The world is far too dangerous for blind optimism. This is an excerpt from The Seven Pillars of Wisdom and it is both jarring and frightening in its relevancy.

"In the very outset, at first meeting with them (referencing tribesman and townsman of ME, was found a universal clearness or hardness of belief, almost mathematical in its limitation, and repellent in its unsympathetic form...

…They were people of black and white, who saw the world always in contour. They were dogmatic, despising doubt, our modern crown of thorns. They did not understand our metaphysical difficulties, our introspective questioning. They knew only truth and untruth, believe and unbelief, without our hesitating retinue of finer shades.
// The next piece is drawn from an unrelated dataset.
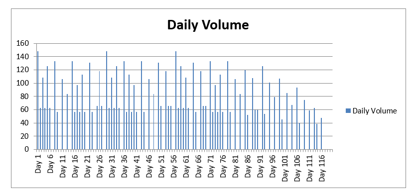| Week | Day | Week Volume | Daily % | Daily Volume |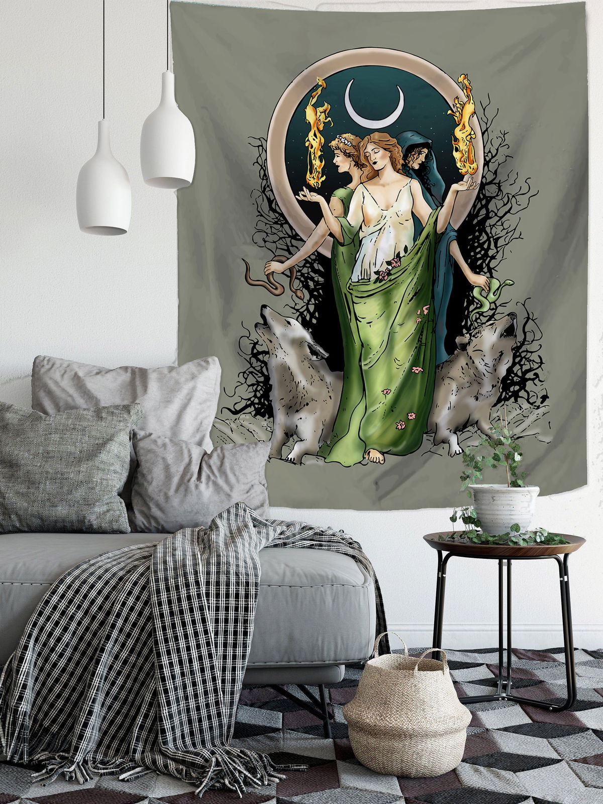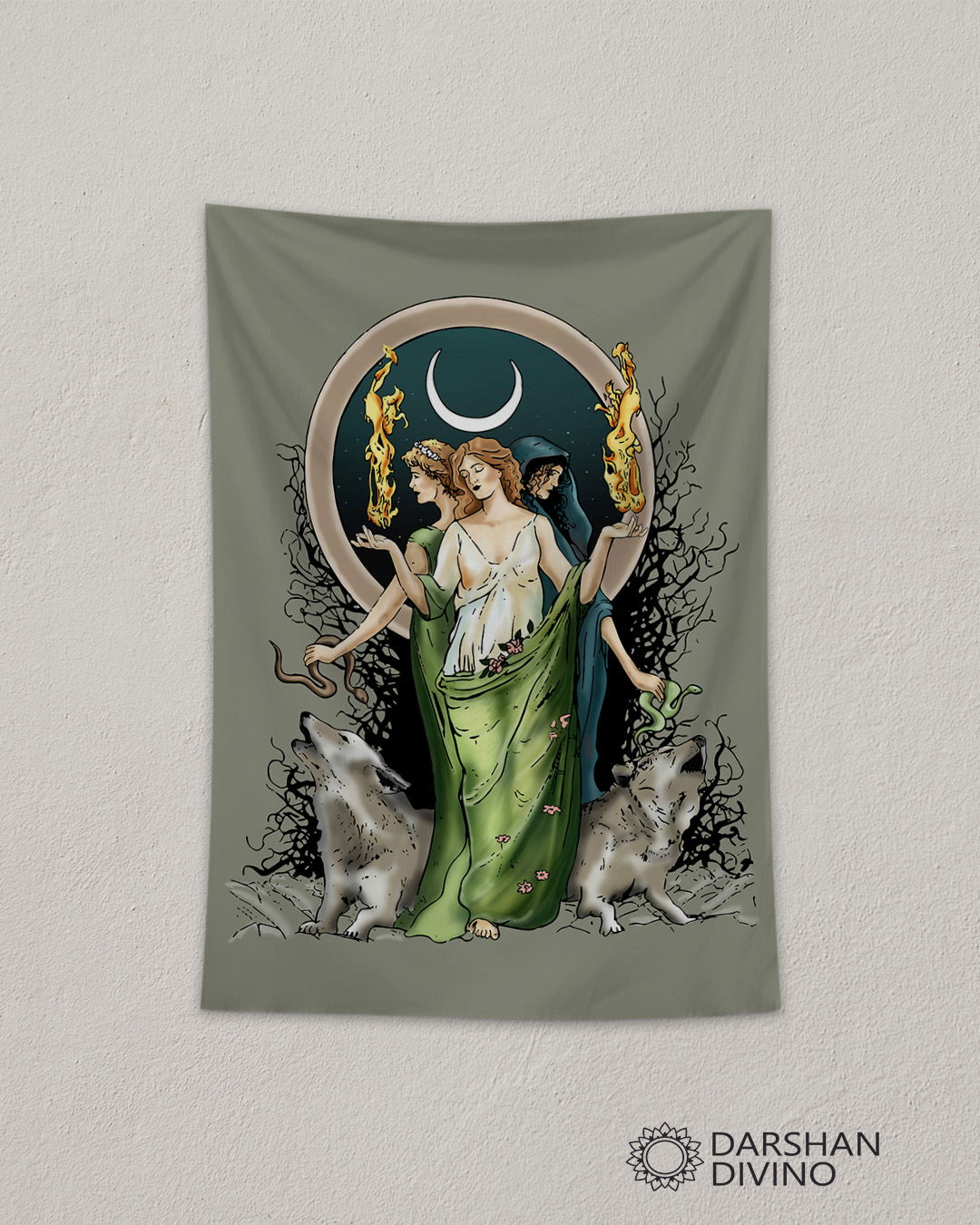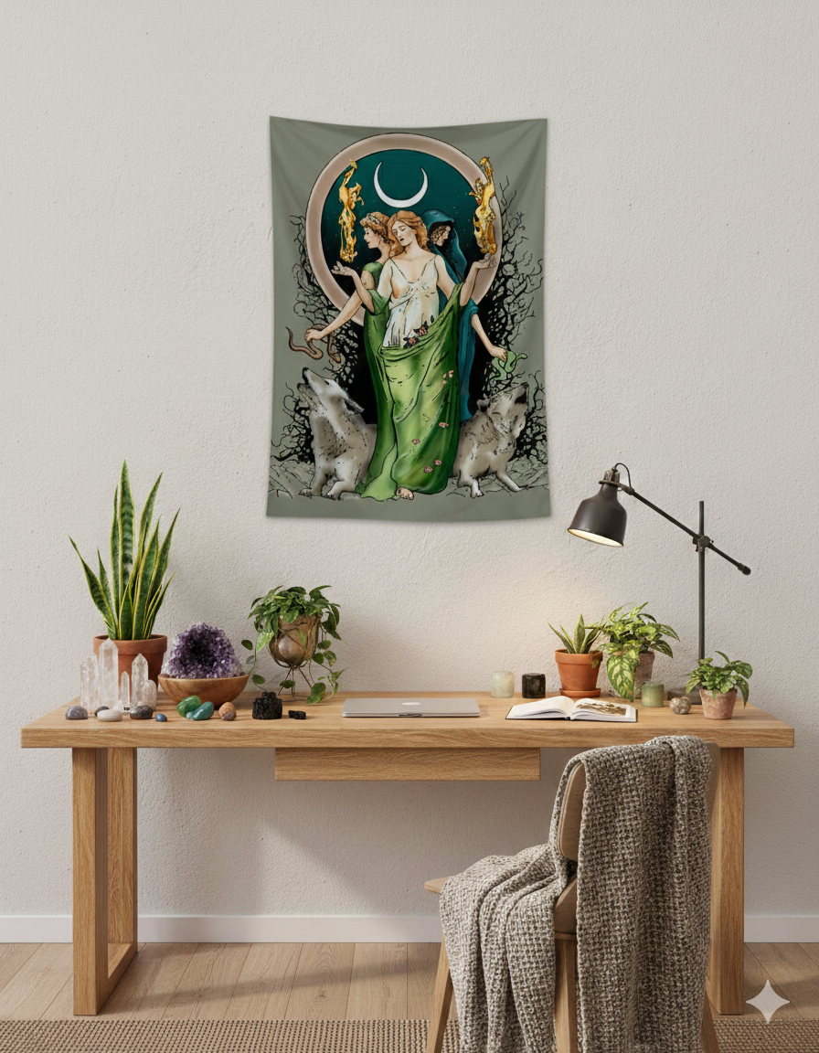 Este diseño captura la esencia de la deidad griega en sus tres formas, simbolizando las fases de la vida y el dominio sobre los caminos. La paleta de verdes musgo y sombras profundas crea un impacto visual elegante y misterioso. Confeccionado en tela premium con caída orgánica, es la pieza definitiva para decoraciones con un trasfondo histórico y espiritual profundo.

This people was black and white, not only in vision, but by inmost furnishing: black and white not merely in clarity, but in apposition. Their thoughts were at ease only in extremes. They inhabited superlatives by choice. Sometimes inconsistents seemed to possess them at once in joint sway; but they never compromised; they pursued the logic of several incompatible opinions to absurd ends, without perceiving the incongruity…

…They were a limited, narrow minded people, whose inherent intellects lay fallow in incurious resignation. Their imaginations were vivid, but not creative. There was so little Arab art in Asia that they could almost be said to have no art, thought there classes were liberal patrons, and had encouraged whatever talents in architecture, or ceramics, or other handicraft their neighbors and helots displayed. Nor did they handle great industry: they had no organization of mind or body. They invented no system of philosophy, no complex mythologies. They steered their course between the idols of the tribe and the cave. The least mobid of peoples, they had accepted the gift of life unquestioningly, as axiomatic. To them it was a thing inevitable, entailed on man, a usufruct (means: The right to use and enjoy the profits and advantages of something belonging to another as long as the property is not damaged or altered in any way), beyond control. Suicide was a thing impossible, and death no grief."

on and on...

To get a sense of the sad, maybe Churchillian, state of affairs, peruse the transcript of Meet the Press. In all his pomposity and churlishness, Russert exchanged barbs on the NSA controversy with the ranking Senate Republican. He began by obfuscating the facts about the allegation L. Libby released classified information on direction of superiors (see Powerline discussion). Then his puerile behavior turned to defending the indefensible (treason in effect) using parsed legal definitions, equivalence and recrimination. Another nail in the coffin performance by the Fourth Estate (and for all the free speech chicken littles, information has never been as democratized as it is today).